╭──

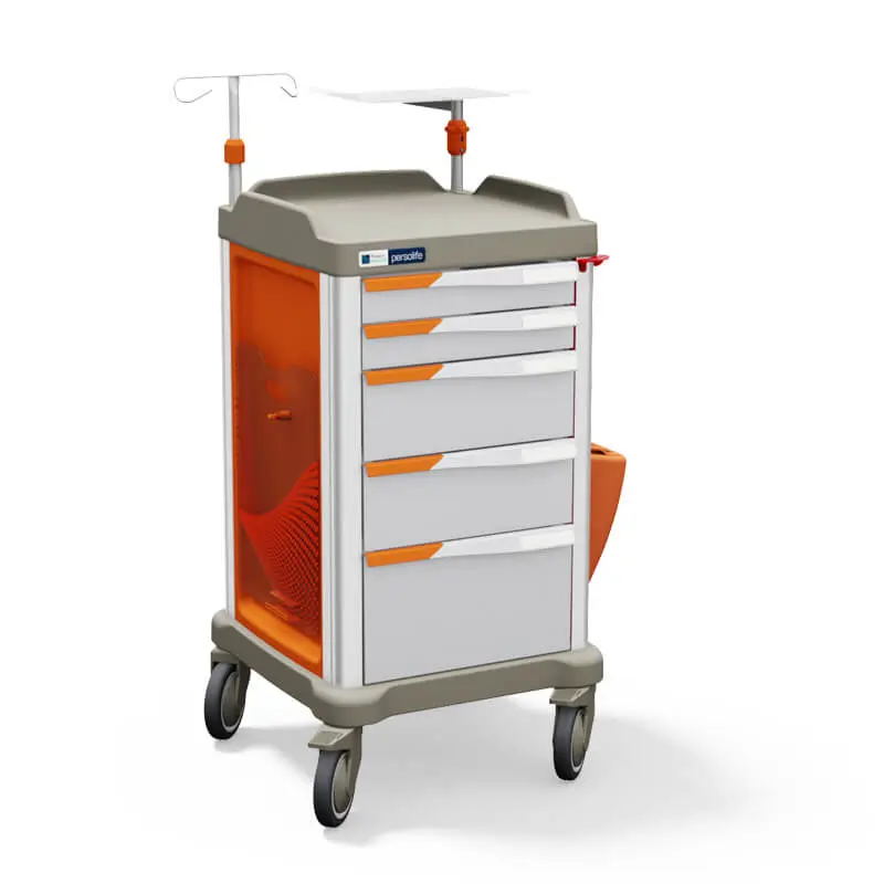 The Persolife 400 Compact emergency trolley provides a high-performance solution for clinical environments where rapid access to emergency equipment is essential. Designed with a compact footprint while maintaining generous storage capacity, this trolley is ideal for hospitals, clinics and emergency care settings.
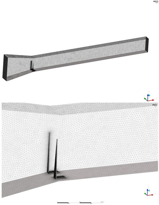 The CFD model of the EWT was developed using the ANSYS Fluent 2022 R2 software. The tunnel’s geometry and the mesh were created using the Ansys Design Modeler and the Ansys Meshing applications, respectively.
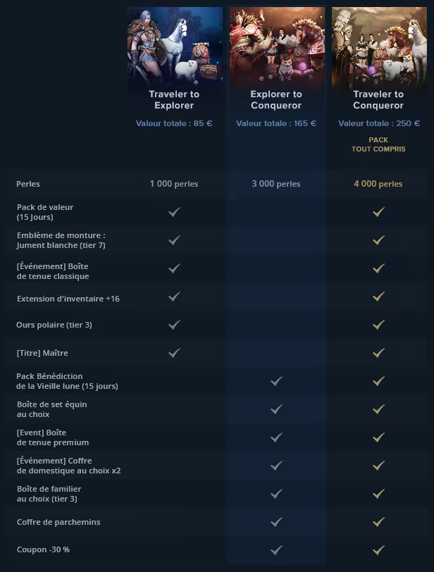 - Vous ne pouvez acheter chaque pack qu'une seule fois par compte.

╰──

▶ What is required:
Please print everything in the material exactly, apart from the pictures.

▶ Answer box:
 The Persolife 400 Compact emergency trolley provides a high-performance solution for clinical environments where rapid access to emergency equipment is essential. Designed with a compact footprint while maintaining generous storage capacity, this trolley is ideal for hospitals, clinics and emergency care settings.
 The CFD model of the EWT was developed using the ANSYS Fluent 2022 R2 software. The tunnel’s geometry and the mesh were created using the Ansys Design Modeler and the Ansys Meshing applications, respectively.
 - Vous ne pouvez acheter chaque pack qu'une seule fois par compte.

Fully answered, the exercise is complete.